Lo sé, soy perfectamente consciente de ello. Pero es que estoy preparando el terreno para lo que viene ahora, que posiblemente deje por los suelos el merecido honor y prestigio que desde esta página me he ido granjeando entre vosotros mis fieles y acérrimos lectores.
¿Por qué se trata de "friki", sin dejar el más mínimo margen a defenderse, a las Supremas de Móstoles?
Reconozco ante todo que no he visto tan magno espectáculo. No soy en absoluto seguidor de las galas de Eurovisión, y las OTIS tan solo me evocan a un fabricante de ascensores.

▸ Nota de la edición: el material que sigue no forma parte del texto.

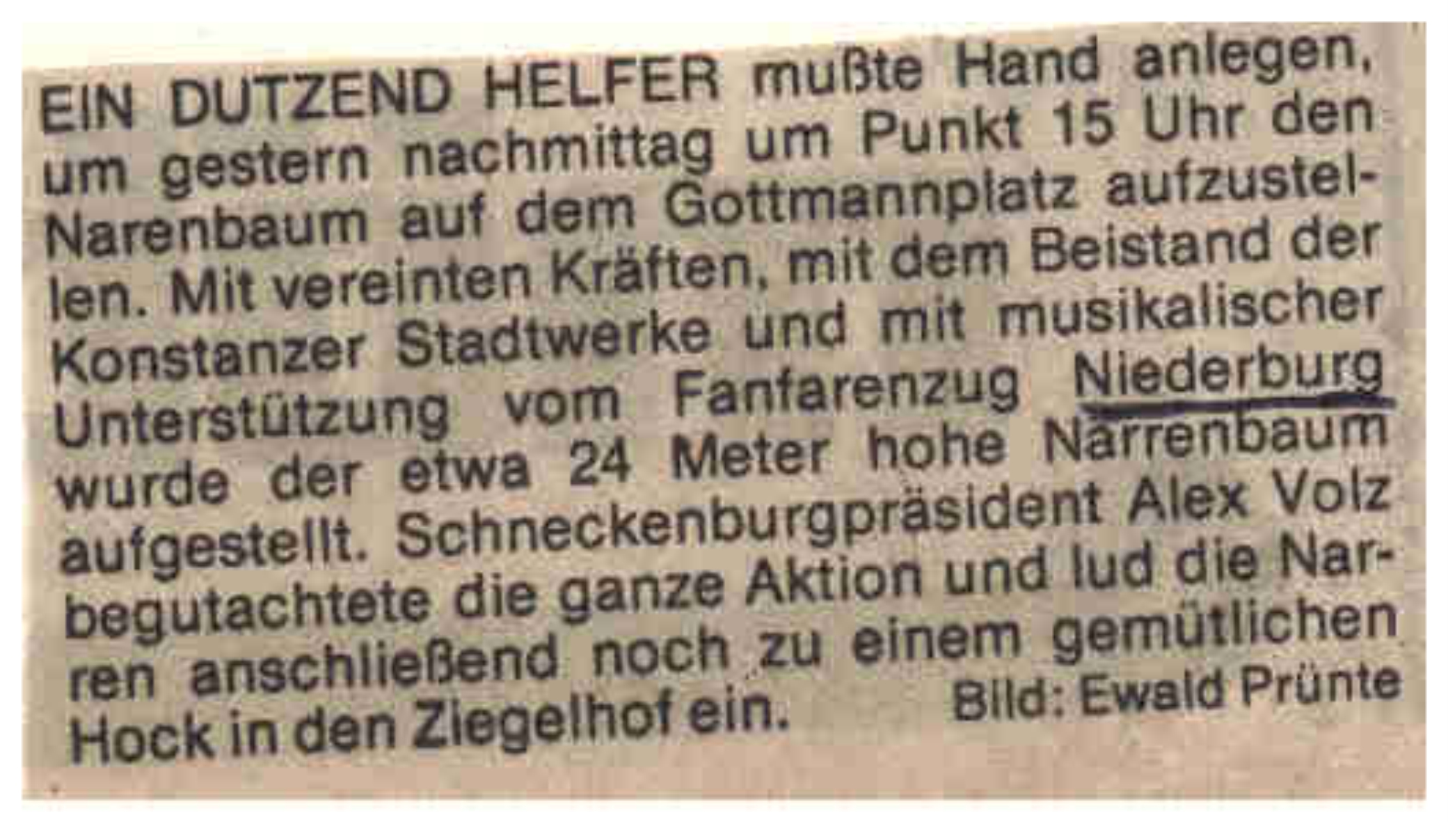 Schmutziger Donnerstag: Südkurier-Artikel mit falschem Namen des Fanfarenzuges.

No obstante, puedo intuir de forma bastante nítida en qué consiste el esperpéntico espectáculo, sin más que reparar un instante en el atrezzo y apariencia de las tres marujas exhibicionistas en cuestión, y también puedo más o menos deducir cuál puede ser la melodía.

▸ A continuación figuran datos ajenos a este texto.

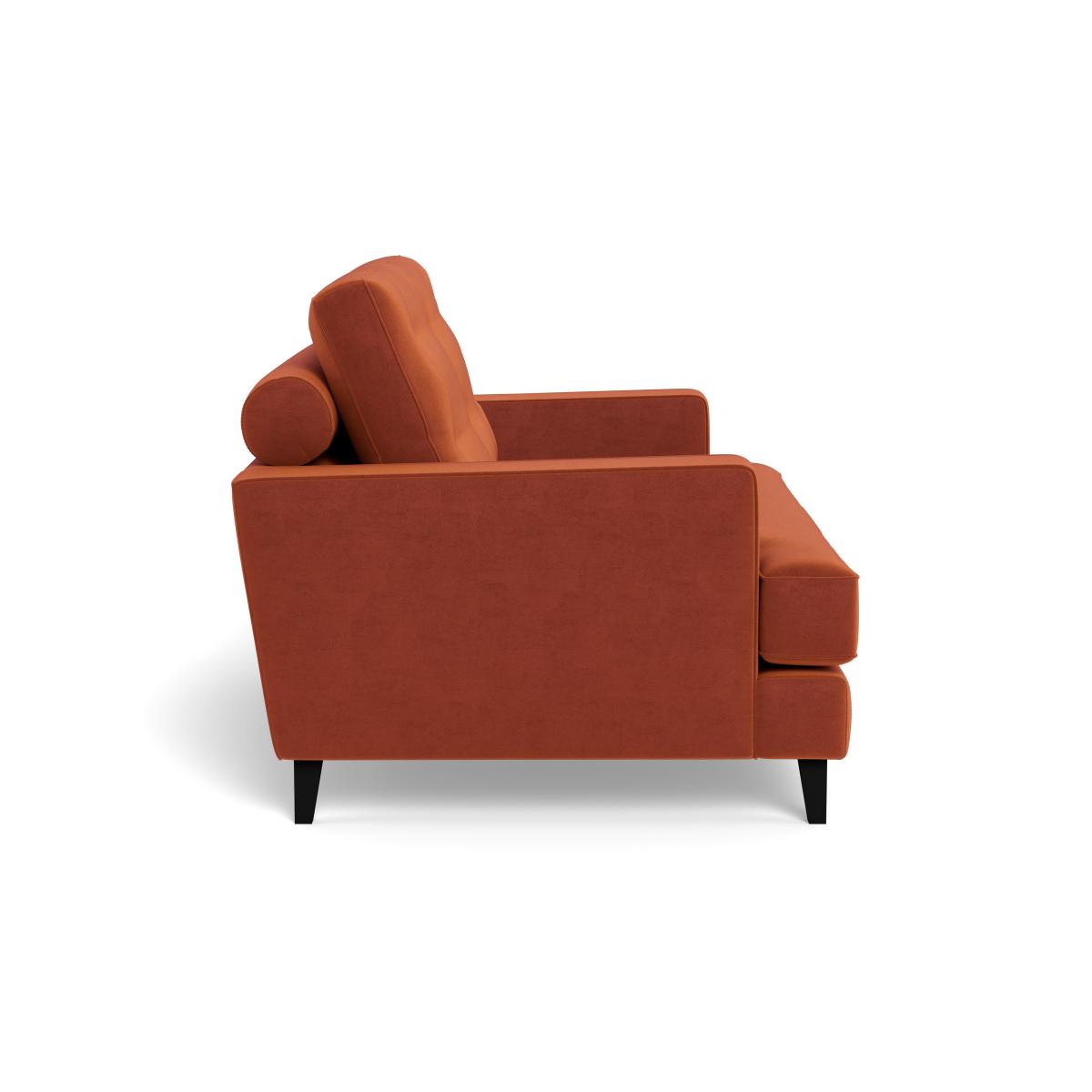 I love this little loveseat for its versatile colour and classic silhouette; the russet velvet adds warmth and richness, making it a great statement piece in both contemporary and traditional interiors. It's perfect for smaller living rooms or cosy corners, offering comfortable seating without overwhelming the space. When styling, consider pairing it with textured cushions in neutral or complementary shades to add visual interest, or match it with warm wood tones and metallic accents for a sophisticated feel. Its natural feet and understated design ensure it remains adaptable, so it can be dressed up with throw blankets or complemented by surrounding furniture for a cohesive look. This seat works particularly well in eclectic, mid-century modern, or modern classic schemes.
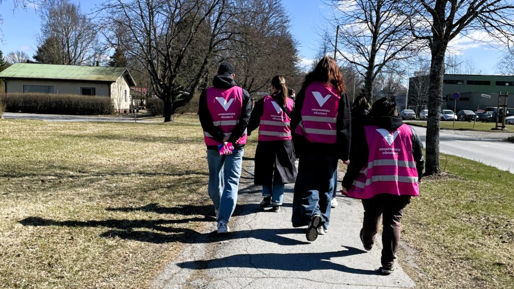 Vasemmisto kulki tällä kertaa kohtaamassa kansalaisia pientaloalueella. Aurinko paistoi ja monet Porin Toejoen asukkaista olivat pihatöissä.
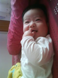 到目前为止蕾宝宝醒来都是在舔自己的手。。。只有在我叫她时才会对我笑。。。 |
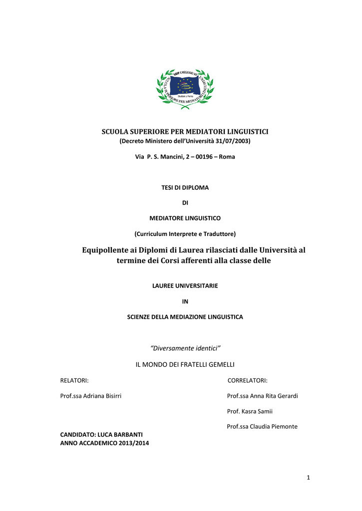 SCUOLA SUPERIORE PER MEDIATORI LINGUISTICI
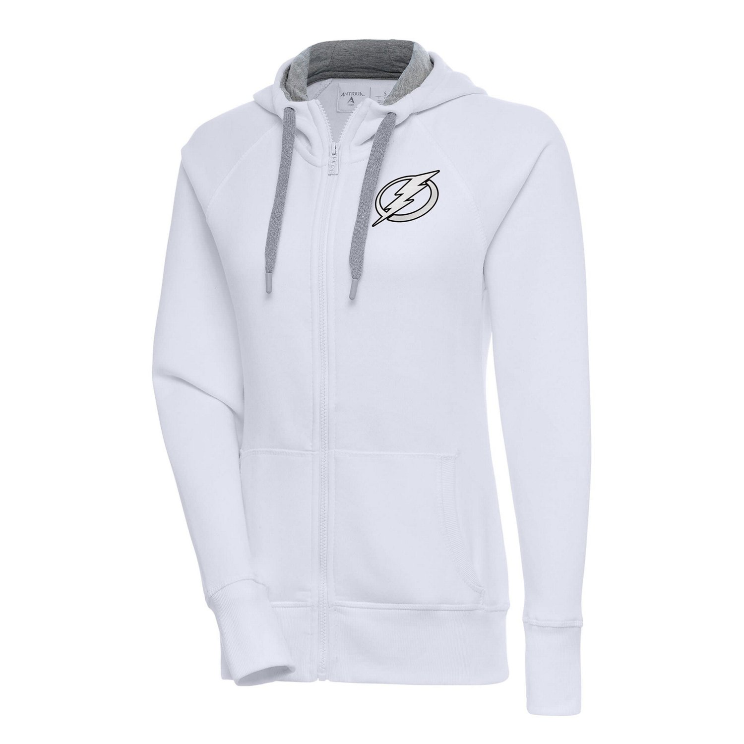 The Antigua Women's Tampa Bay Lightning Metallic Logo Victory Full-Zip Hoodie is the perfect way to show your support for the Tampa Bay Lightning Made of a comfortable polyester and spandex blend this midweight hoodie features a jersey-lined hood with drawcord ribbed details at the cuffs hem and pockets and heat-sealed graphics that showcase your Tampa Bay Lightning pride Whether you're cheering at the game or relaxing at home this hoodie will keep you warm and stylish
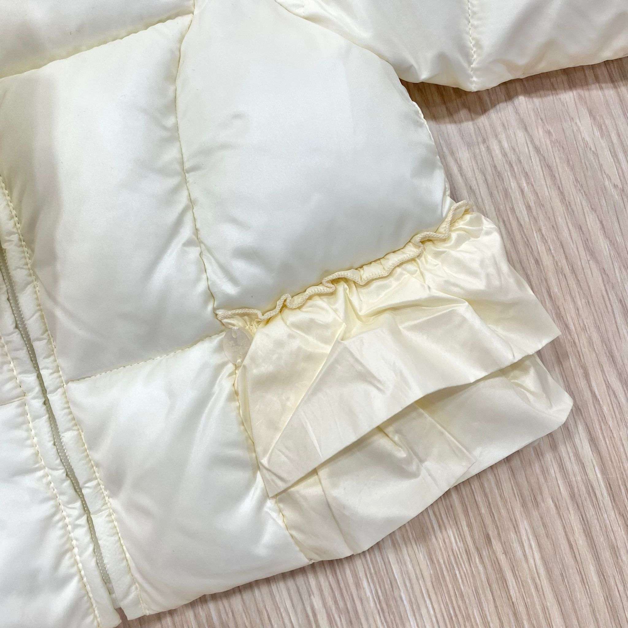 Giubbotto neonata/bambina imbottito, di colore burro, con cappuccio.
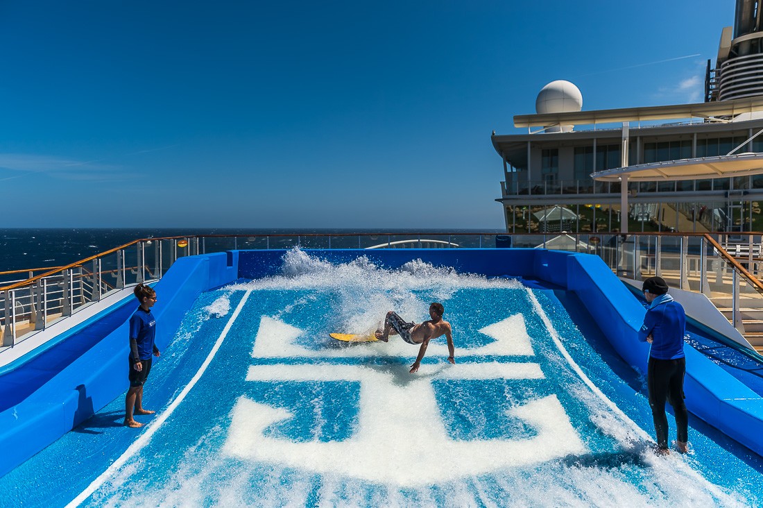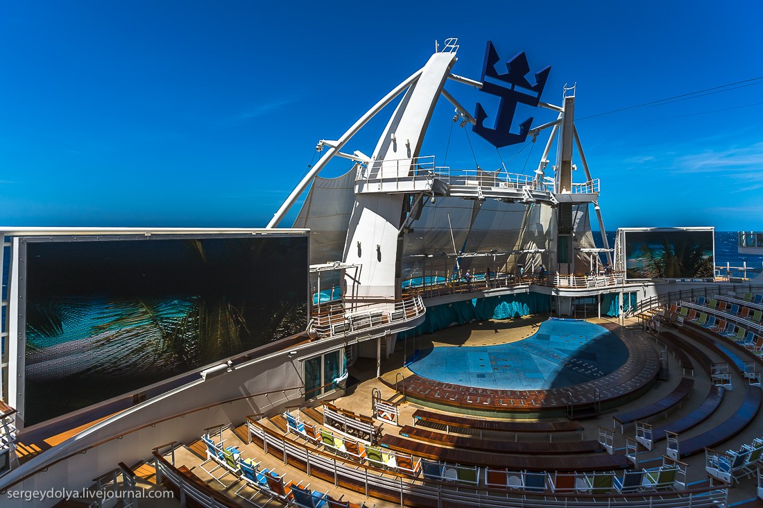 На верхней палубе имеются "крылья", которые выступают из корпуса лайнера в стороны. В крыльях по два больших джакузи. Лежишь в теплой воде на высоте 18-го этажа над морем и смотришь на волны под тобой. Очень круто.

Sin embargo, me parece injusto que por ese patético envoltorio se tache de algo que no es a todo el conjunto. Y es que la canción en cuestión no es tan lamentable como parece, ya que trata un tema muy real, acaso demasiado real. Desde luego, más real que el 99% de las baladas de amor.

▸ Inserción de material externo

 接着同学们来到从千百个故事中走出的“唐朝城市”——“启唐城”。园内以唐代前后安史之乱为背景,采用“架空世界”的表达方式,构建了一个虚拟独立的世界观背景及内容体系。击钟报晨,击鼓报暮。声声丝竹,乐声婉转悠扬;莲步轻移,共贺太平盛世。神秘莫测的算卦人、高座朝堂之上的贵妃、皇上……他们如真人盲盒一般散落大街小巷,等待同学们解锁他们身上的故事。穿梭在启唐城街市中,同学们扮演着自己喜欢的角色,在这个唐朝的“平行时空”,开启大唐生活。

Un fin de semana, en El Corte Ingléh
Tu me convensihte pa comprarte el interné
Mardito momento, que fue mi perdisión
Pueh dehde ese día ya no hasemoh el amóh
Tú ya no me mirah, yo ya no te importo
Y si me insinuo tu me diseh que pa qué
Que con esoh cuerpoh y con lo poco que gahtan
Te salen máh baratah lah muhereh der pesé
Y que tú prefiereh pasarte todo el día pegado a la pantalla a a a aaaaaa
Ereh un enferemo, ereh un enferemo
Ereh un enferemo der sibersesso
Me poneh loh cuennoh, me ponne loh cuennoh
Uvedoble uve tiah buenah puntocom
Mira vida mía ehto es un infienno
Mira vida mía quiero la separasión
Ereh un enferemo, ereh un enferemo
Ereh un enferemo der sibersesso
Me poneh loh cuennoh, me ponne loh cuennoh
Con el dihco duro, la pantalla y el ratón
Mira vida mía ehto es un infienno
Mira vida mía dame la separasión
Una noshe dehtah, que no pude dormíh
Ehcushé unoh ruidoh mu ehtrañoh para mí
Era mi marío hasiéndole el amóh
A una tal Pamela dentro del ordenadóh
Tú ya no me quiereh, yo ya no te hago farta
Que el amóh internauta es un veneno sin’iguáh
Y si me pongo sessi me diseh a la cara
Que la tarifa plana te compensa musho máh
Pero uno dehtoh díah, que me pilléh de malah
Te tragah la pantalla a a aaaaa
Ereh un enferemo, ereh un enferemo
Ereh un enferemo der sibersesso
Me poneh loh cuennoh, me ponne loh cuennoh
Uvedoble uve tiah buenah puntocom
Mira vida mía ehto es un infienno
Mira vida mía quiero la separasión
Ereh un enferemo, ereh un enferemo
Ereh un enferemo der sibersesso
Me poneh loh cuennoh, me ponne loh cuennoh
Con el dihco duro, la pantalla y el ratón
Mira vida mía ehto es un infienno
Mira vida mía dame la separasión
Supongo que esa peculiar entonación no es más que parte de ese atrezzo "friki", un reclamo comercial al fin y al cabo, habidas cuentas del éxito que tiene.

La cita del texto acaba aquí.